= Anton Hecht =

English artist

Anton Hecht is an English artist born in London. In 2007 he asked musicians from around the Durham area to contribute to a soundtrack for a film. In 2005 he was one of seven artists involved in a project to recreate the Cumbrian town of Whitehaven in Lego.

His film Blinking Ballet, made with old people using morphing technology, has been screened at the Gateshead Interchange metro station. A poetry film, made with children from Shotton Colliery, was shown at the Royal Festival Hall's Poetry International 2000 festival. An early poetry film called I Am Romeo (1996) featured in a British Film Institute touring poetry show reel. He has exhibited a multimedia film at the Myles Meehan Gallery in the Darlington Arts Centre and has delivered workshops as part of Architecture Week. He is currently making a work where many people play individual notes. A recent narrative film Motivation, for the UK Film Council, is part of the British Council national touring scheme. He has also written and directed a number of theatre works that incooperate video with live performance, such as Rescued by Rover at Winsford Art Gallery and Having My Pretty at Hull Screen and his theatre work Wrestling Shakespeare, where Hamlet goes World Federation.

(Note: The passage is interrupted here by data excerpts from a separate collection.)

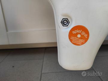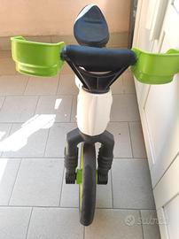 Bicicletta senza pedali con struttura in plastica rinforzata, leggerissima.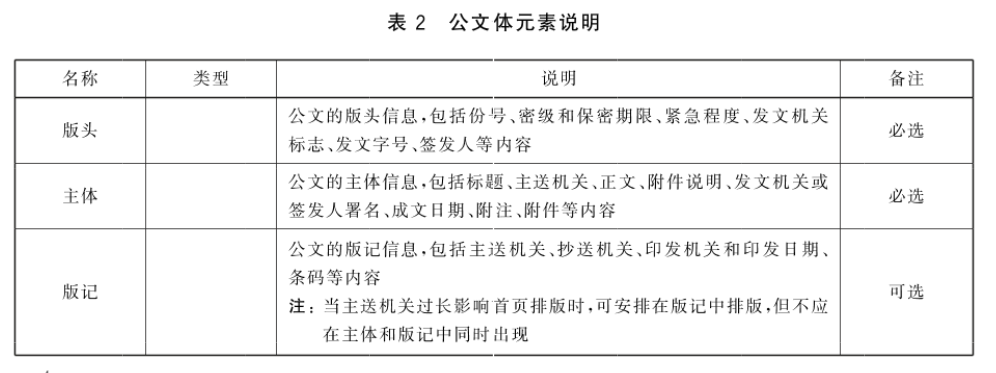 按照GB/T 9704一2012,公文体由版头、主体、版记三部分组成,其结构模型见图1。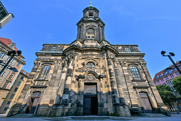 Stand before Dresden's quiet giant—an 800-year-old church with a dramatic history, peaceful interior, and a tower climb that rewards you with breathtaking views over the glittering markets below.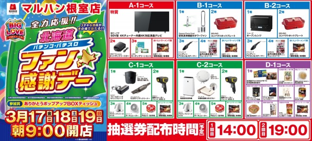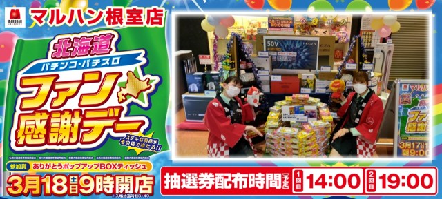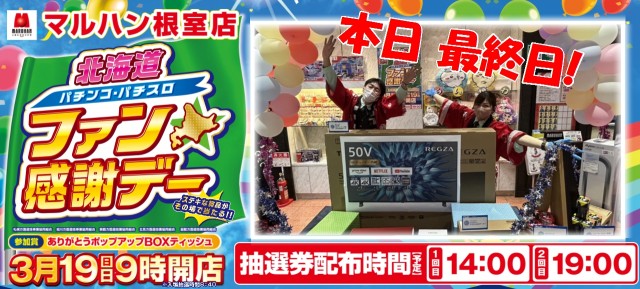 「マルハン根室店」★本日最終日!ファン感デー19時より抽選★

Perhaps now his most successful film work is The Trolley Dance, made with old people in Darlington. Over 50,000 people viewed it on YouTube and it was featured on the website of a national newspaper. Another work, using members of the local community with no playing experience to create a visual musical piece was called One Note Band, sometimes called The Spirits i have Called, and Variations this also was a featured video on YouTube and received a lot of web support as well as being shown in European festivals. A new work has been commissioned for the angle of the north celebrations, and is to be projected besides the landmark piece of sculpture, the work is a poetry film where people pose as the letters in and about the streets of gateshead.. A collaboration with film maker Richard Lawson on a short called Developed has been shortlisted for the Project direct competition on YouTube He has recently been commissioned to make a work for the Capture scheme run by the Film Council and a TV channel. This work was Bewick Court a musical, which received wide media attention and a premiere at the Baltic art gallery in Newcastle.